- What you should do
In this exercise, the entries below include pictures. Repeat exactly the lines from the line with "Waterproof, Quartz movement, Interchangeable" to the line with "现代高级灰蓝绿色圆形地毯组合3D模型下载", including both, but without the pictures.

- Records to process

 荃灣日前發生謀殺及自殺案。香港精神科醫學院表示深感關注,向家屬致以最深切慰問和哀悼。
---
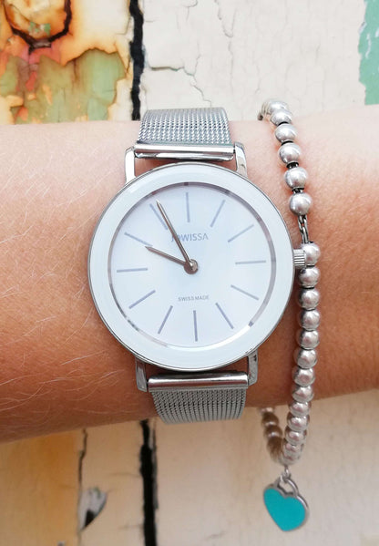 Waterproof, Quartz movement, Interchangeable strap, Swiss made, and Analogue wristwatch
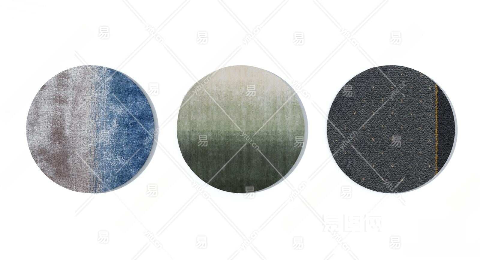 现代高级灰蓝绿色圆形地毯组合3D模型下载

- Response box
 Waterproof, Quartz movement, Interchangeable strap, Swiss made, and Analogue wristwatch
 现代高级灰蓝绿色圆形地毯组合3D模型下载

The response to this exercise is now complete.